GiteaMirror commented

2026-05-05 11:58:09 -05:00

@muhanstudio commented on GitHub (Oct 10, 2024):

In fact, for official apps or web pages like OpenAI’s PLUS membership, they seem to be using a more costly method of document parsing. Specifically, they upload the entire document content into the context, regardless of the length, and then apply an additional layer of RAG (Retrieval-Augmented Generation) to enhance the model's attention and improve the responses. This restores RAG to its original purpose: merely augmenting context retrieval rather than directly replacing the entire document.

When engaging in a conversation on OpenAI’s PLUS membership webpage and uploading a file, the results are far better. For example, if we upload a short novel with only the main text, removing the table of contents, and ask the AI to sequentially provide each chapter's title, OpenAI can accurately and in order provide the chapter titles. Meanwhile, third-party RAG implementations often directly replace the document with retrieval fragments, which results in missing chapters or a jumbled order. This indicates that OpenAI actually holds the complete document contents. Furthermore, when asking questions about specific parts of the document, OpenAI shows surprisingly good attention, being able to accurately locate the relevant portions of the document related to the query, which suggests that they are also incorporating RAG.

I believe this is the ultimate reason why third-party RAG systems always seem to lack some content or present the material in a disordered fashion compared to OpenAI’s document-upload-to-AI feature.
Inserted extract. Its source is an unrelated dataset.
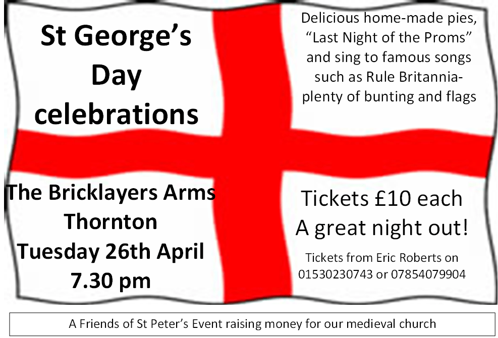 If you would like to offer assistance or be involved in any way with any of these events or would like more information please contact Churchwarden: Shirley Garlick – churchwarden.thornton@gmail.com or phone 01530230422

Of course, there’s the issue of cost to consider, but it should be an option. I’m confident that, given the significant decline in large model prices and the increasing size of context windows, many people would still prefer to optimize document parsing performance with AI using the high-cost approach that the official systems employ. Importantly, unless cost is a very pressing issue, keeping RAG as an enhancement for retrieval rather than as a replacement for the entire document seems far more reasonable. For scenarios where only RAG is used, I believe it makes sense when dealing with a knowledge base comprising hundreds of documents to use RAG for retrieval of specific fragments. However, for a single or small number of documents, we shouldn’t need to cut corners.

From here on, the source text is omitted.